Sofia Coppola’s The Beguiled offers ambrosia of another sort. The director has remade a seedy 1971 Don Siegel thriller (starring Clint Eastwood) into a poetic and haunting meditation on what men want from women, what women want from men, and the desperate depths to which both will go to get it. Nicole Kidman–who was the queen of Cannes this year, appearing in no fewer than four movies or made-for-television projects presented at the festival–plays the headmistress of a girls’ boarding school in war-bedraggled 1864 Virginia. The women there–including Elle Fanning, who plays a student, and Kirsten Dunst, a teacher, both superb–fall under the spell of a wounded Union soldier (Colin Farrell) who infiltrates their stifling world.
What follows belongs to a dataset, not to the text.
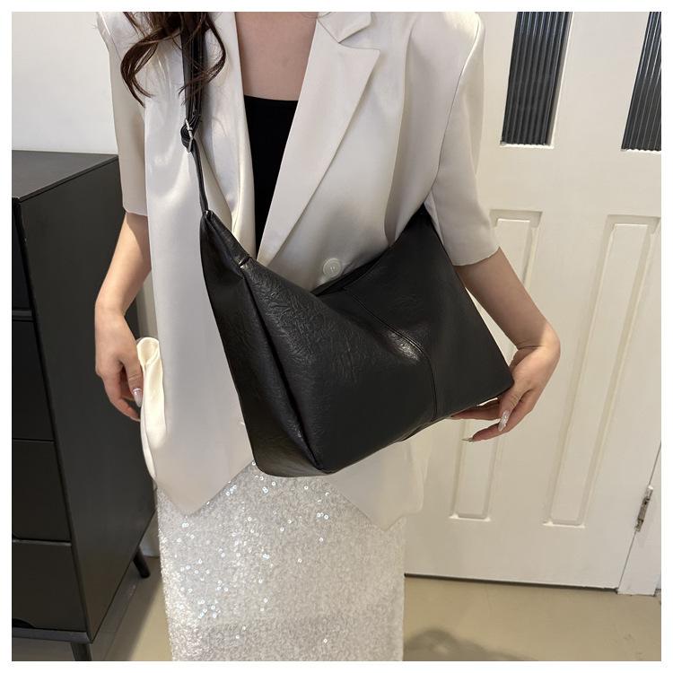 New Trendy Large Capacity Solid Color Retro Korean Fashion Simple Casual Commuter Single Shoulder Tote Bag for Women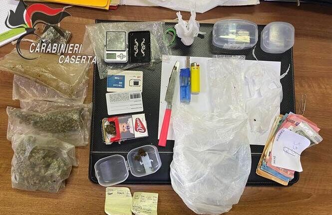 I militari dell’Arma atteso il fare sospetto dell’uomo lo hanno sottoposto a controllo rinvenendo, a seguito di perquisizione personale e domiciliare gr 63,25 di hashish, gr 79,7 di marijuana, gr 3,5 di cocaina, un bilancino di precisione, materiale vario per confezionamento delle dosi e €955,00 in contanti.

Coppola has made a serene, supple, gorgeous picture that hits more than a few notes of despair. Its skin is fair, but its heart is dark.

Among the most heartfelt films of Cannes 2017, Todd Haynes’ Wonderstruck, adapted from Brian Selznick’s novel, tells the dovetailing stories of two 12-year-olds, Ben (Oakes Fegley) and Rose (Millicent Simmonds), living 50 years apart. Ben, living in 1977 Gunflint Lake, Minn., loses his mother and, in a particularly cruel twist of fate, loses his hearing in a freak accident shortly thereafter. Rose, growing up in 1927 Hoboken, N.J., is also deaf, and she too has lost her mother, in a way. She finds solace at the movies, and in building miniature cities out of paper, a way of expressing herself outside the world of words. This is a love letter to the pleasure of making anything by hand and a story of finding your way to the people who understand you–and it’s just a portion of the riches that await movie lovers in the months ahead.